WHAT THE TASK REQUIRES: Your copy should match the records below exactly, except for the pictures.

======== RAW DATA ========

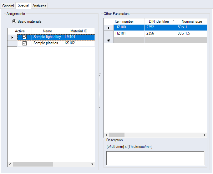 Basic materials | Multiple basic materials can be added and multiple ones be actively assigned. Each semifinished part consists of at least one basic material. You must edit the validity depending properties of a semifinished part for each basic material separately. |
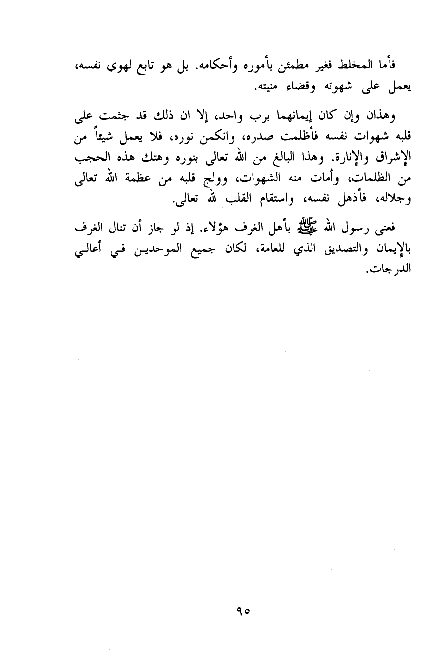 فعنى رَسُول الله صلى الله عَلَيْهِ وَسلم بِأَهْل الغرف هَؤُلَاءِ إِذْ لَو جَازَ أَن تنَال الغرف بِالْإِيمَان والتصديق الَّذِي للعامة لَكَانَ جَمِيع الْمُوَحِّدين فِي أعالي الدَّرَجَات
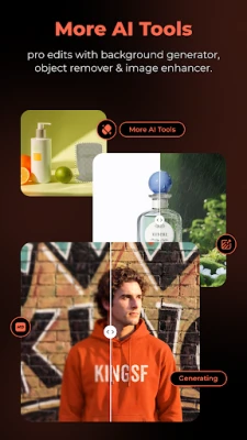• AI Background Generator — Create realistic lifestyle scenes from 500+ presets or simple text prompts.
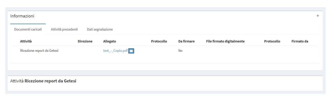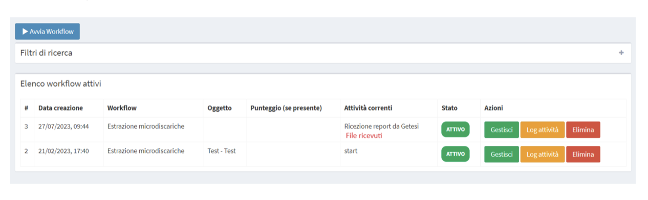 Dopo che un operatore della Getesi avrà effettuato l’evasione del file, verrà invocata l’API del WMS per l’invio del file sul WMS. Da WME questa operazione verrà segnalata nella tabella dei flussi attivi con una label in rosso “File ricevuti”. In questo caso l’utente potrà accedere alla pagina di gestione del flusso e ritrovare nella sezione dei documenti caricati il file lavorato della Getesi da poter consultare e/o scaricare.
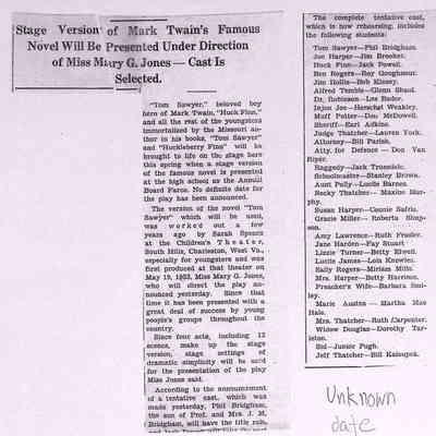 Box #3: Newspaper clippings, sports reviews, brochures, class programs, Newburg elementary school brochure, and class pictures.
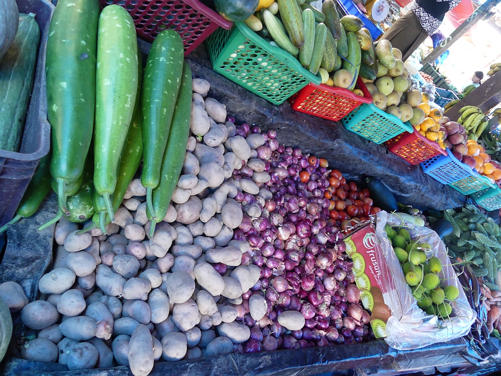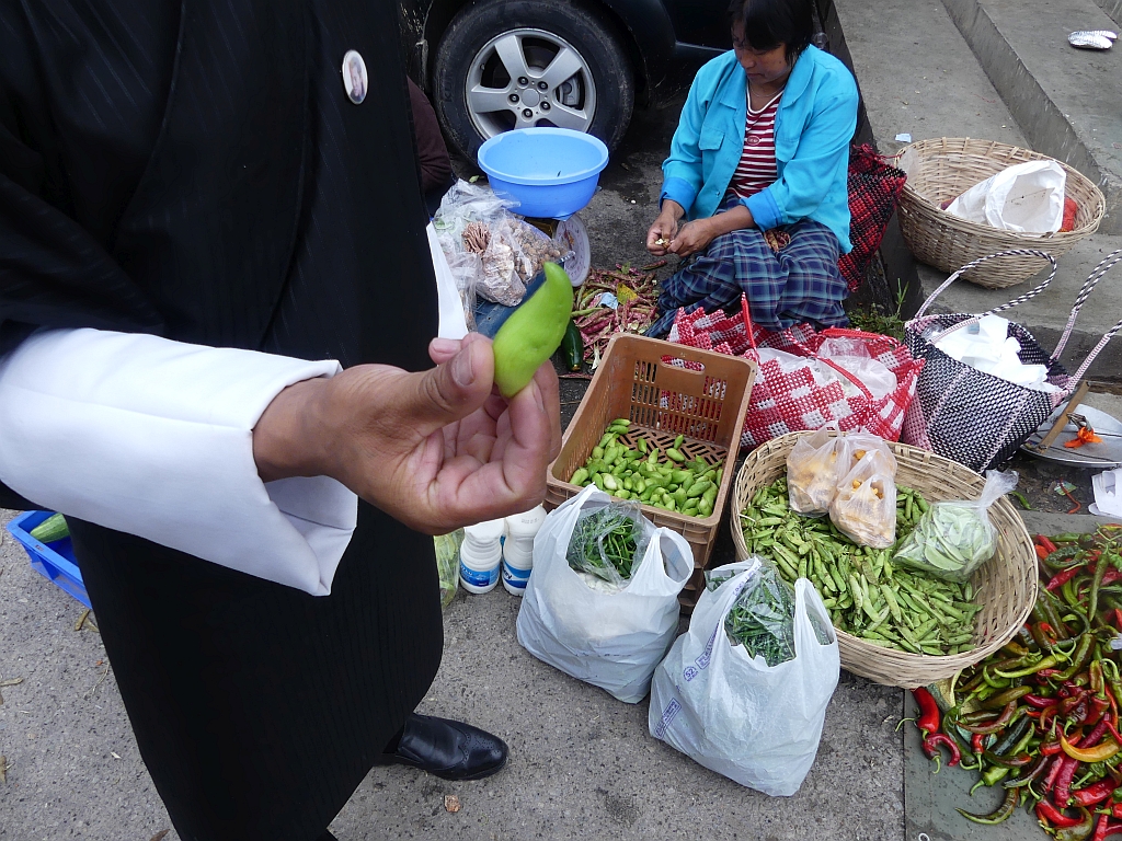 Ansonsten gab es überraschend viel Gemüse – das meiste davon wird auch hier angebaut. Es wird aber generell auch viel importiert – fast alles aus Indien – was auch daran liegt, dass es in Bhutan wenige Möglichkeiten zur Lagerung von Gemüse gibt. Kartoffeln werden zum Beispiel im Phobjikha angebaut, nach Indien verkauft und für ein Vielfaches wieder eingekauft. Ein schlechtes Geschäft für Bhutan.
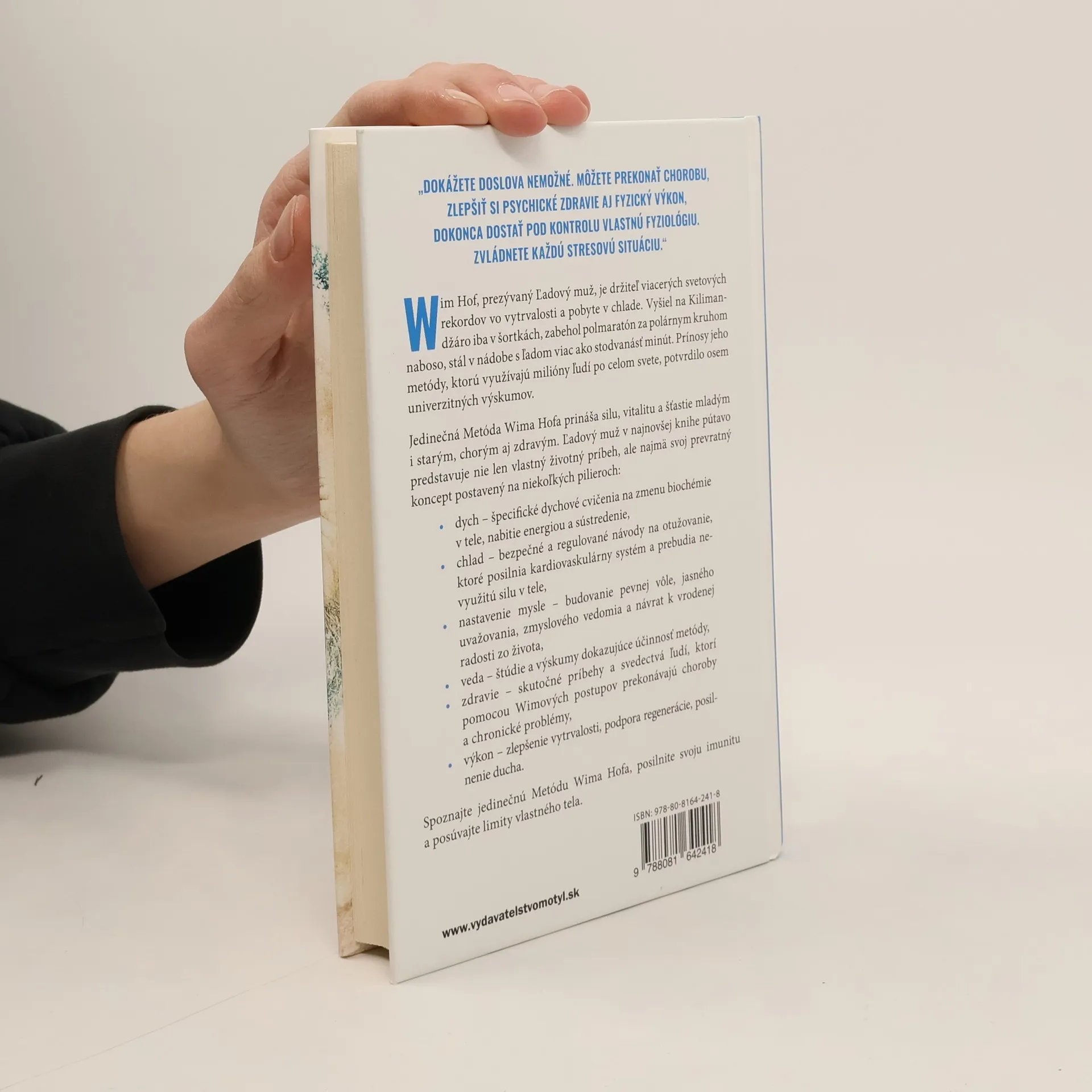 „Dokážete doslova nemožné. Môžete prekonať chorobu, zlepšiť si psychické zdravie aj fyzický výkon, dokonca dostať pod kontrolu vlastnú fyziológiu. Zvládnete každú stresovú situáciu. “ Wim Hof, prezývaný Ľadový muž, je držiteľ viacerých svetových rekordov vo vytrvalosti a pobyte v chlade. Vyšiel na Kilimandžáro iba v šortkách, zabehol polmaratón za polárnym kruhom naboso, stál v nádobe s ľadom viac ako stodvanásť minút. Prínosy jeho metódy, ktorú využívajú milióny ľudí po celom svete, potvrdilo osem univerzitných výskumov.
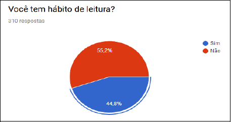 Sobre se os estudantes tem hábito de leitura está muito dividido, embora ainda grande parte não tenha. Com o incentivo da escola eles passaram a ter devido a programação especifica, isso faz com que muito continuem suas leitura em casa, pois entretido com suas leitura buscam acabar logo a leitura para ir atrás de novos exemplarem. Assim como conseguem ver a importância da concentração para esse momento e como fica mais fácil reter conhecimento. E principalmente são incentivados a criar o hábito da leitura que pode se estender a outros ambientes e também a ter uma rotina de estudo.
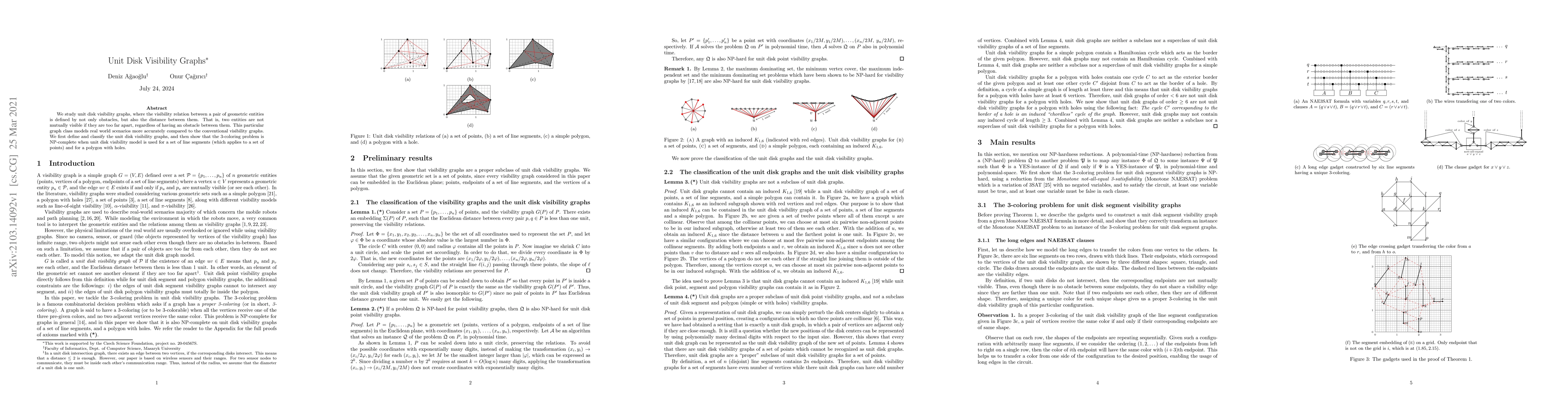 Unit disk visibility graphs consider distance in addition to obstacles for defining visibility between entities, offering a more accurate model of real-world scenarios. The study reveals that the 3-coloring problem is NP-complete for this graph class when applied to line segments and polygons with holes.
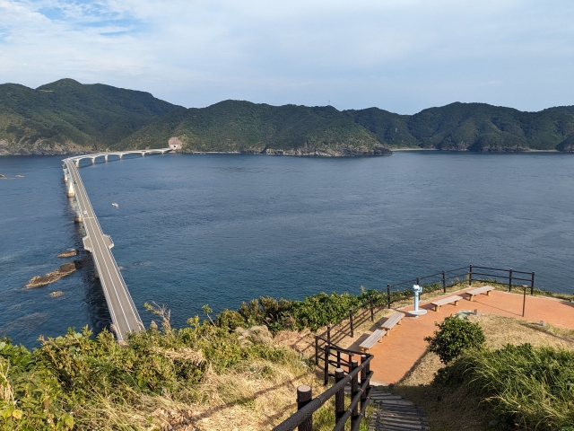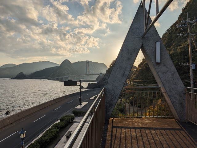 途中のスペースからは、甑大橋を別の角度から見ることができます。ここからの方が海を渡る感じが伝わりやすい気がしますね。
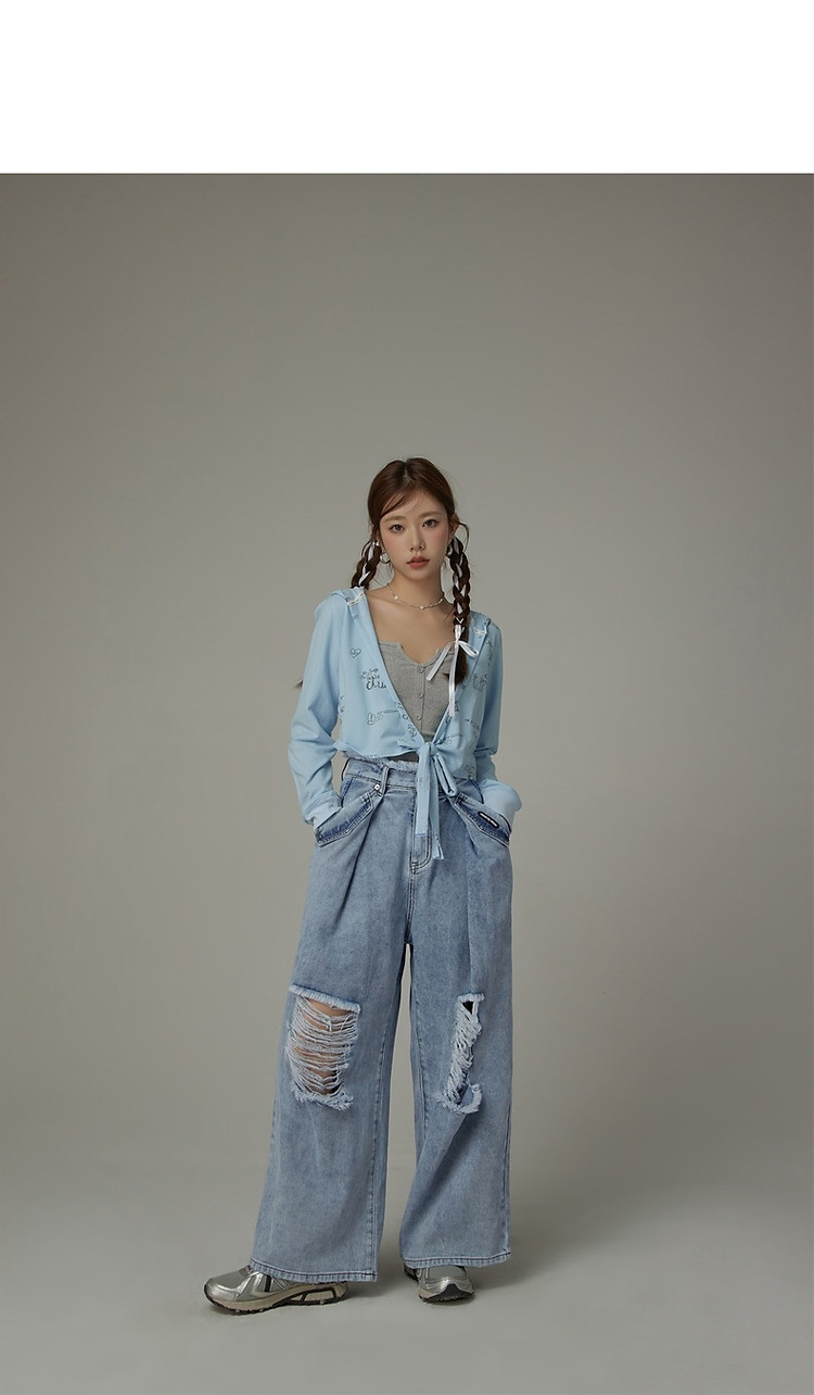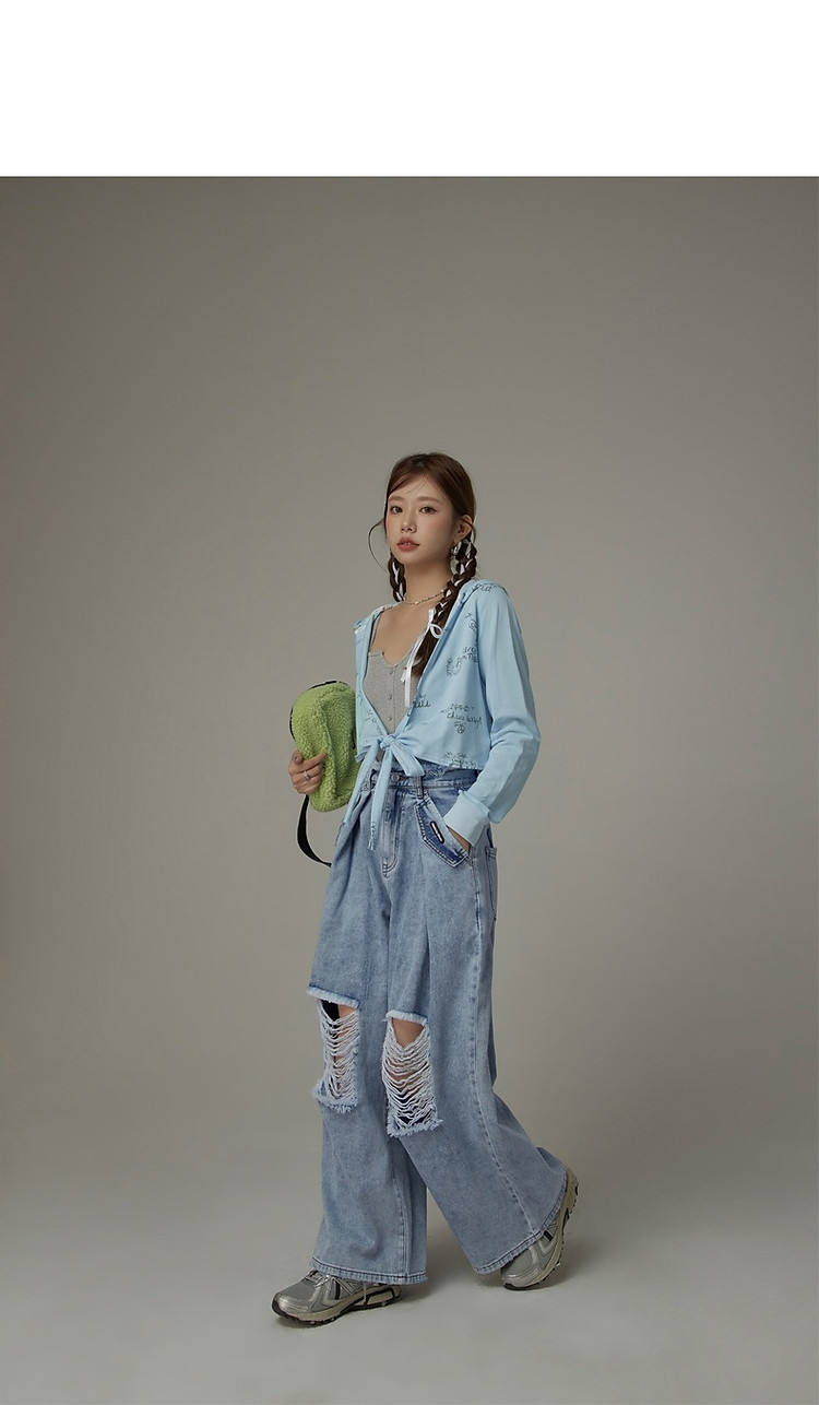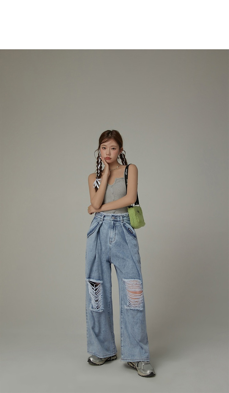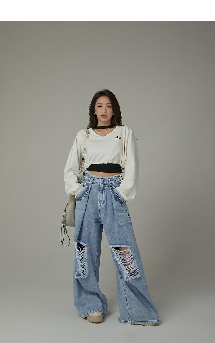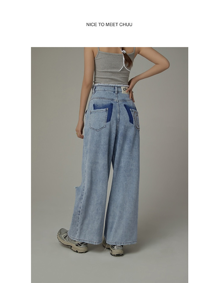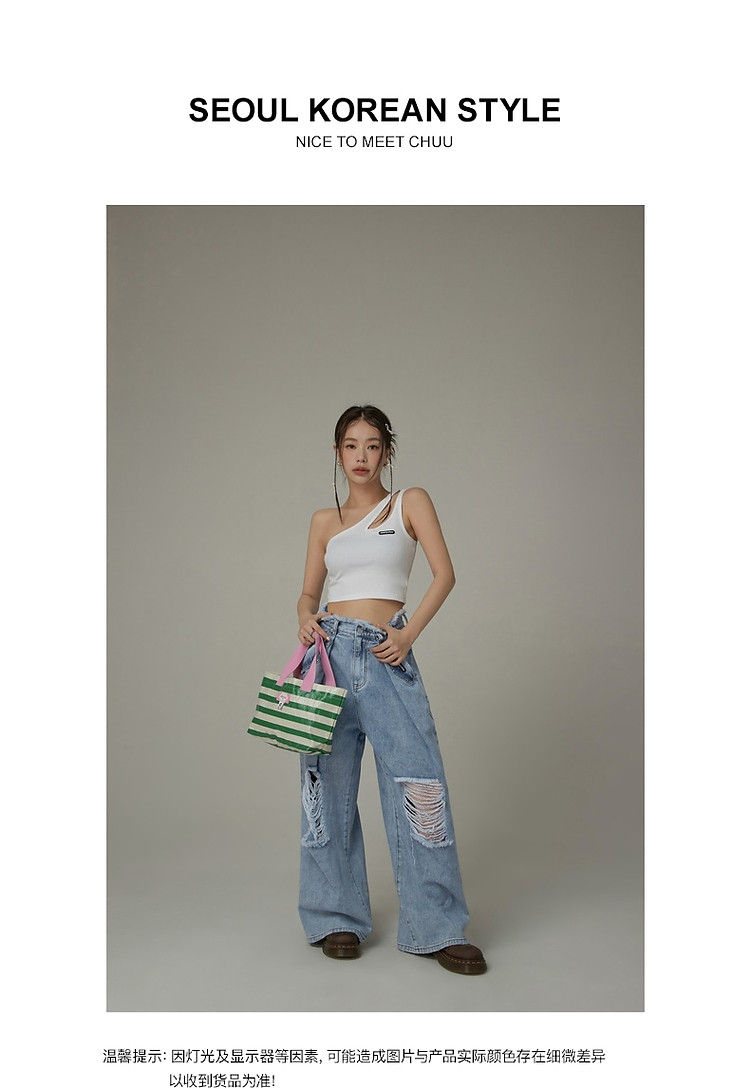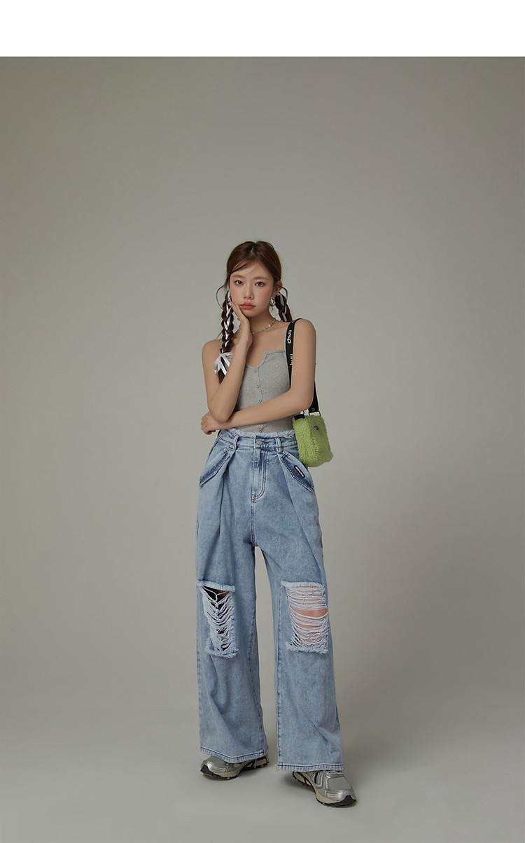 商品名称:破洞阔腿牛仔裤女士夏辣妹高腰磨破拖地长裤子潮 464595

========

SOLUTION BELOW:
 Basic materials | Multiple basic materials can be added and multiple ones be actively assigned. Each semifinished part consists of at least one basic material. You must edit the validity depending properties of a semifinished part for each basic material separately. |
 فعنى رَسُول الله صلى الله عَلَيْهِ وَسلم بِأَهْل الغرف هَؤُلَاءِ إِذْ لَو جَازَ أَن تنَال الغرف بِالْإِيمَان والتصديق الَّذِي للعامة لَكَانَ جَمِيع الْمُوَحِّدين فِي أعالي الدَّرَجَات
• AI Background Generator — Create realistic lifestyle scenes from 500+ presets or simple text prompts.
 Dopo che un operatore della Getesi avrà effettuato l’evasione del file, verrà invocata l’API del WMS per l’invio del file sul WMS. Da WME questa operazione verrà segnalata nella tabella dei flussi attivi con una label in rosso “File ricevuti”. In questo caso l’utente potrà accedere alla pagina di gestione del flusso e ritrovare nella sezione dei documenti caricati il file lavorato della Getesi da poter consultare e/o scaricare.
 Box #3: Newspaper clippings, sports reviews, brochures, class programs, Newburg elementary school brochure, and class pictures.
 Ansonsten gab es überraschend viel Gemüse – das meiste davon wird auch hier angebaut. Es wird aber generell auch viel importiert – fast alles aus Indien – was auch daran liegt, dass es in Bhutan wenige Möglichkeiten zur Lagerung von Gemüse gibt. Kartoffeln werden zum Beispiel im Phobjikha angebaut, nach Indien verkauft und für ein Vielfaches wieder eingekauft. Ein schlechtes Geschäft für Bhutan.
 „Dokážete doslova nemožné. Môžete prekonať chorobu, zlepšiť si psychické zdravie aj fyzický výkon, dokonca dostať pod kontrolu vlastnú fyziológiu. Zvládnete každú stresovú situáciu. “ Wim Hof, prezývaný Ľadový muž, je držiteľ viacerých svetových rekordov vo vytrvalosti a pobyte v chlade. Vyšiel na Kilimandžáro iba v šortkách, zabehol polmaratón za polárnym kruhom naboso, stál v nádobe s ľadom viac ako stodvanásť minút. Prínosy jeho metódy, ktorú využívajú milióny ľudí po celom svete, potvrdilo osem univerzitných výskumov.
 Sobre se os estudantes tem hábito de leitura está muito dividido, embora ainda grande parte não tenha. Com o incentivo da escola eles passaram a ter devido a programação especifica, isso faz com que muito continuem suas leitura em casa, pois entretido com suas leitura buscam acabar logo a leitura para ir atrás de novos exemplarem. Assim como conseguem ver a importância da concentração para esse momento e como fica mais fácil reter conhecimento. E principalmente são incentivados a criar o hábito da leitura que pode se estender a outros ambientes e também a ter uma rotina de estudo.
 Unit disk visibility graphs consider distance in addition to obstacles for defining visibility between entities, offering a more accurate model of real-world scenarios. The study reveals that the 3-coloring problem is NP-complete for this graph class when applied to line segments and polygons with holes.
 途中のスペースからは、甑大橋を別の角度から見ることができます。ここからの方が海を渡る感じが伝わりやすい気がしますね。
 商品名称:破洞阔腿牛仔裤女士夏辣妹高腰磨破拖地长裤子潮 464595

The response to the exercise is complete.